20. Gajendragadkar, J., (as he then was) speaking for the Supreme Court in Magiti Sasamal v. Pandab Bissoi, : [1962]3SCR673 while considering the provisions of Section 7 (1) of the Orissa Tenants Protection Act of 1948 observed that-

'.............................Section 7 (1) postulates the relationship of tenant and landlord between the parties and proceeds to provide for exclusive jurisdiction of the Collector to try the five categories of disputes that may arise between the landlord and the tenant. The disputes which are the subject-matter of Section 7 (1) must be in regard t the five categories. That is the plain and obvious construction of the words 'any dispute as regards'. On this construction it could be unreasonable to hold that a dispute about the status of the tenant also falls within the purview of the said section. The scheme of Section 7 (1) is unambiguous and clear. It refers to the tenant and landlord as such and it contemplates disputes of the specified character arising between them. Therefore, in our opinion even on a liberal construction of Section 7 (1) it would be difficult to uphold the argument that a dispute as regards the existence of the relationship of landlord and tenant falls to be determined by the Collector under Section 7 (1)'.

Section 13 of the Act also postulates the relationship of tenant and landlord between the parties and proceeds to give exclusive jurisdiction to the Controller to order eviction in case the grounds mentioned in the said section exist.

21. The argument advanced by the learned Counsel for the appellant by the learned Counsel for the appellant that Section 7 (1) of the Orissa Act uses the expression any dispute between the tenant and the landlord as regards the five categories mentioned therein whereas Section 16 (1) of the Tenancy Act uses the expression any disputes arising under the Act. A distinction was sought to be drawn and it was argued that the provisions of Section 7 (1) of the Orissa Act are not in pari materia with the provisions of Section 16 (1) of the Tenancy Act and therefore the decision of the Supreme Court cannot apply to the instant case.

22. Our attention was drawn to the distinction between the a two sections made be Seshachalapathi, J., in (1962) 2 Andh WR 416 at. p. 419. The learned Judge observed that the provisions of Section 7 (1) of the Orissa Act and Section 16 (1) of the Tenancy Act were differently worded. He went on to hold that under Section 16 (1) of the Tenancy Act the question whether or not a person who claims the benefit of the Act is a cultivating tenant and whether his tenancy still subsists is a question that is ancillary to the exercise of the jurisdiction of the tenancy Act and therefore the Tahsildar has a right to determine whether between the parties to a dispute there is a subsisting relationship of landlord and tenant. The question before the learned Judge was not whether the Tahsildar has exclusive jurisdiction to decide whether there is the relationship of landlord and tenant. The argument advanced was that in a case where the jural relationship of landlord and tenant is disputed the Tahsildar has no jurisdiction to entertain the matter at all. That argument was rejected by the learned Judge and he held that the Tahsildar has a right to determine the matter but he did not hold that the decision was final and conclusive and could not be questioned in a Civil Court.

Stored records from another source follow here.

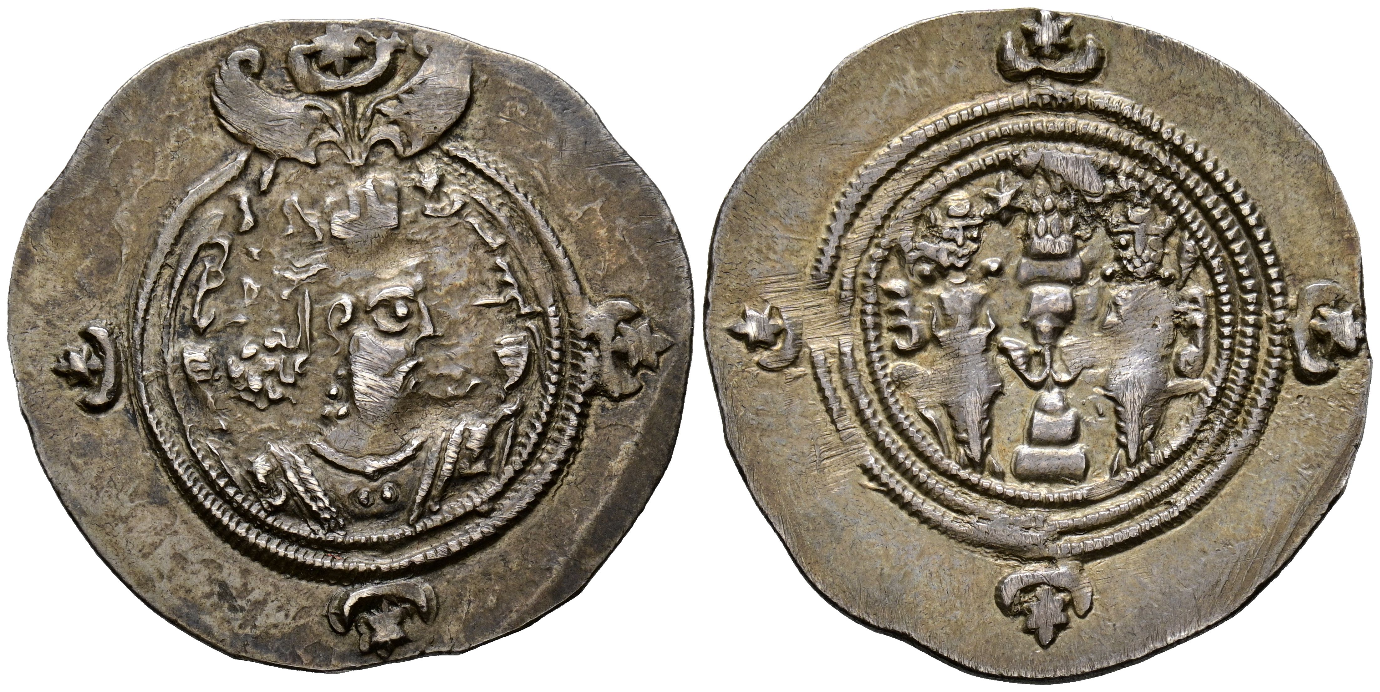 English SASANID EMPIRE, Khusro II. Drachma. (Ar. 4.08g/32mm). Year 36 PYE/625-6 AD YZ (Yazd). (Göbl-II/3). Obv: Crowned and draped bust of Khusro II right, around legend on palavhi: on the right, ABZUD (Growth) and on the left, GDH (Splendour) all within a double circular bezel. On the outside, at 3h, 6h and 9h, crescent and star. Reverse: Fire altar flanked by two priests, on the right mintmark: YZ (Yazd), and on the left year of mintage: 36 (Post Yazgard Era) within 3 borders, on the outside, at 12h, 3h, 6h and 9h crescent and star. VF.
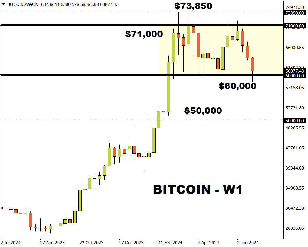 - Should $60,000 prove reliable support, prices may rebound towards $71,000 and the all-time high at $73,850.
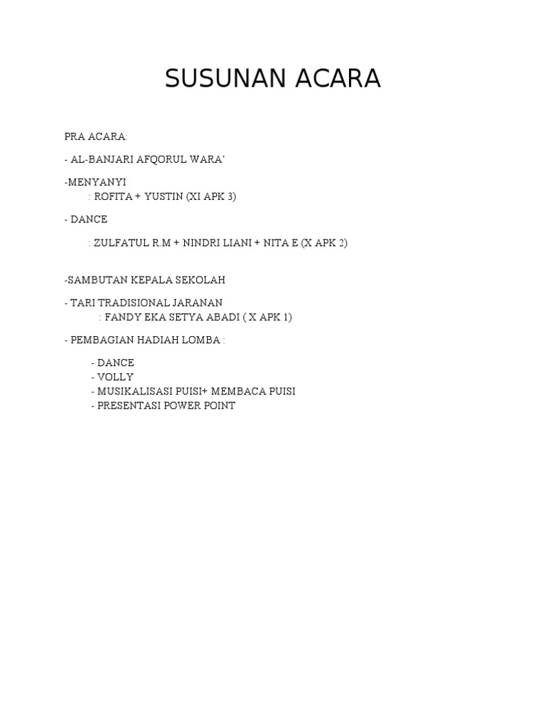 Contoh susunan acara perpisahan sekolah. Meski sudah sudah teknologi yang super canggih surat tetap diperlukan untuk berbagai kepentingan. Untuk pelajaran seni budaya biasanya ujian prakteknya akan diadakan pensi pentas seni untuk seluruh kelas 12. Contoh laporan wawan rembug wawan ginem wawanca. Contoh susunan acara dalam berbagai kegiatan biasanya selalu saja ada cara pembukaan peresmian atau sekedar sambutan sambutan yang terangkum dalam sebuah susunan acara. Contoh naskah mcpembawa acara pensi pentas seni sekolah.
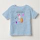 Colorido conejo de Pascua y camiseta de niños con huevos a rayas con nombre personalizado.
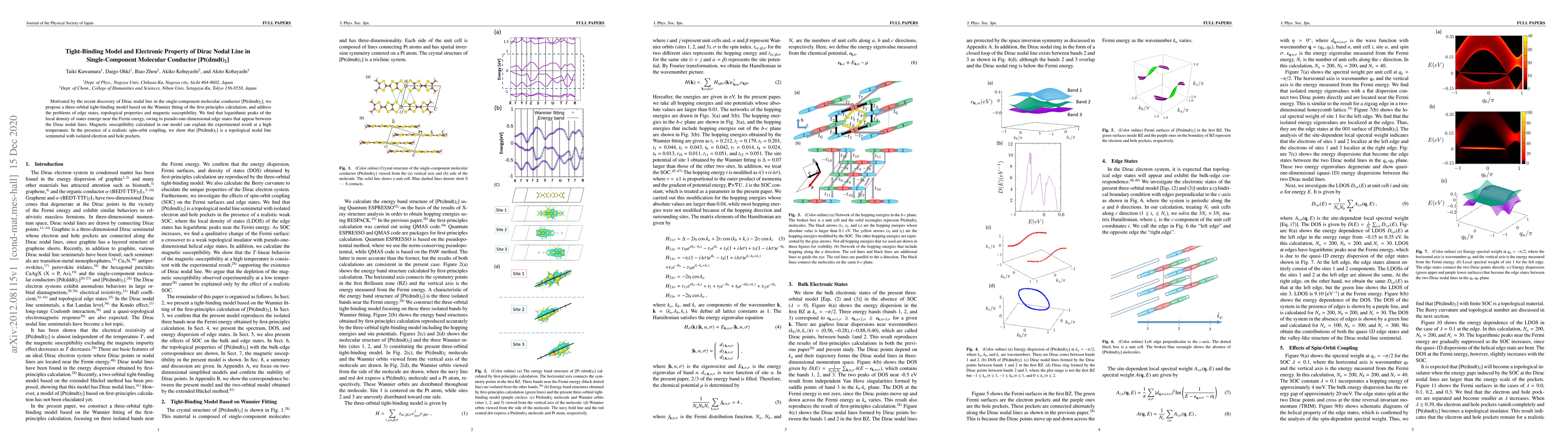 Motivated by the recent discovery of Dirac nodal line in the single-component molecular conductor [Pt(dmdt)$_{2}$], we propose a three-orbital tight-binding model based on the Wannier fitting of the first-principles calculation, and address the problems of edge states, topological properties and magnetic susceptibility. We find that logarithmic peaks of the local density of states emerge near the Fermi energy, owing to pseudo-one-dimensional edge states that appear between the Dirac nodal lines. Magnetic susceptibility calculated in our model can explain the experimental result at a high temperature. In the presence of a realistic spin-orbit coupling, we show that [Pt(dmdt)$_{2}$] is a topological nodal line semimetal with isolated electron and hole pockets.

23. The Supreme Court in Durga Singh v. Tholu, : [1963]2SCR693 dealt with the provisions of Section 77 (3) of the Punjab Tenancy Act, 1887. The appellant before the Supreme Court filed a suit for possession and mesne profits against the respondents who contended that they were the occupancy tenants of those lands for the last two or three generations and that the suit was not cognizable by a Civil Court. The trial Court decreed the suit of the appellant as against all the respondents. the District Judge dismissed the appeal and confirmed the decree of the trial court. The Judicial Commissioner allowed the appeal holding that the respondents were occupancy tenants of the lands and consequently the provisions of Section 77 (3) read with the first proviso thereto barred the jurisdiction for the Civil Court. It was argued before their Lordships of the Supreme Court that for a suit to be barred under Section 77 (3) of the Act from the cognizance of a Civil Court two conditions have to be satisfied. The first is that the suit should relate to one of the matters described in sub-section (3)_ and the second is that the existent e of the relationship of landlord and tenant should be admitted by the parties. After referring to Section 77 (3) of the Act and the proviso thereunder and also entries (e) and (d) under that proviso it was observed-

'....................that not only items (d) and (e) but every other item in the three groups relates to a dispute between tenants on the one hand and the landlord on the other. There is no entry or item relating to a suit by or against a person claiming to be a tenant and whose status as a tenant is not admitted by the landlord. It would, therefore, be reasonable to infer that the legislature barred only those suits from the cognizance of a Civil Court where here was o dispute between the parties that a person cultivating land or who was in possession of land was a tenant'.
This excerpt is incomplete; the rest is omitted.